# Berlin German Church ramp Game Changer



## louisvillefisherman (Jun 9, 2012)

I stopped by the new ramp on German Church today. Wow! What a game changer this will be. It opens up the entire west end of Berlin to anglers who until now were unable or unwilling to make the 8/10 mile boat ride from Campgrounds/Bonner to fish this section of water.

Granted, it also opens up the area to rec boaters but those guys wont effect things when it matters most to us fishermen on this part of the lake and that is spring when the water is high and the white bass and walleye run. And as far as summer goes, it will take some much needed pressure from Bonner for the rec boats. 

Currently the water is almost to winter pool and this ramp appears to still be launchable so even when the water is low it can potentially be used.

In the pictures you can see the decent size parking lot for I would say 50 rigs. The pic of the water shows the island that is visible from 225 and in the background you can see the 225 bridge. The ramp is situated behind that island (as shown on the map) and is also visible from 225.

The facility was gated closed so it is not open to the public just yet. I am sure it will be open soon enough. Just got to get a few docks and a port-o-john and we are in business! 

Great job ODNR! (clapping)


----------



## Bassbully 52 (Feb 25, 2014)

Man that is awesome. I heard about it last year and am so glad its ready for this year. I hate Bonner and all the ramps on the other side of the lake. I only have a 9.9 and love this end of the lake best. big thumbs up to the state on this one.


----------



## bountyhunter (Apr 28, 2004)

don,t let the water depth fool you, its very shallow there.yep nice ,but I think it,ll be a another bonner rd .trucks broken into , and gear missing it should be a great place to sell props. and they start draw down first week sept.


----------



## 1MoreKast (Mar 15, 2008)

Love seeing this kind of news. Good pictures too. Excellent recon! Is the area really that bad to where we need to be careful of break ins? I've heard stories but does that relate to more or less of weekend warrior crowds (like myself)?

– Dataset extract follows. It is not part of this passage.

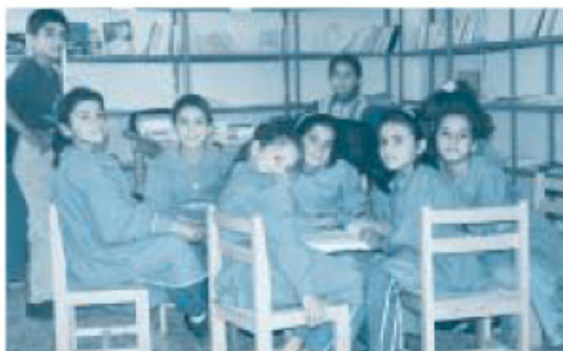
ホーシャ村の図書室にて

実際、ヨルダンの人は、疑い深いどころか、むしろ迂闊にも見えます。たとえば、初めて訪れた店で、釣銭を切らしていたりすると、たいていの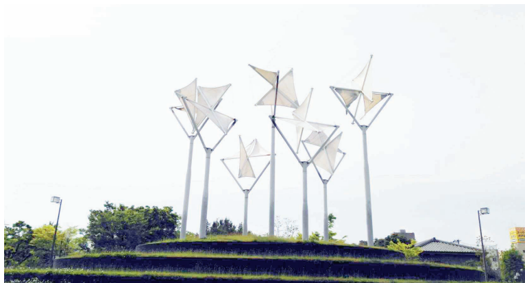
「白い森」(新宮 晋 作)

Just curious.


----------



## blueguy140 (Jan 5, 2016)

those eyes run down that far south on berlin? ive never fished south of 14 bridge just figured it was to shallow down there


----------



## louisvillefisherman (Jun 9, 2012)

This 2015 OGF post has reports and pics from fish caught south of Berlin in the river, so they are there. 

http://www.ohiogamefishing.com/threads/berlin-any-walleye-yet.224336/


----------



## bountyhunter (Apr 28, 2004)

the eyes from berlin lake run clear to the mohoning river[that little creek at the end of rt 62.]


----------



## Bassbully 52 (Feb 25, 2014)

bountyhunter said:


> don,t let the water depth fool you, its very shallow there.yep nice ,but I think it,ll be a another bonner rd .trucks broken into , and gear missing it should be a great place to sell props. and they start draw down first week sept.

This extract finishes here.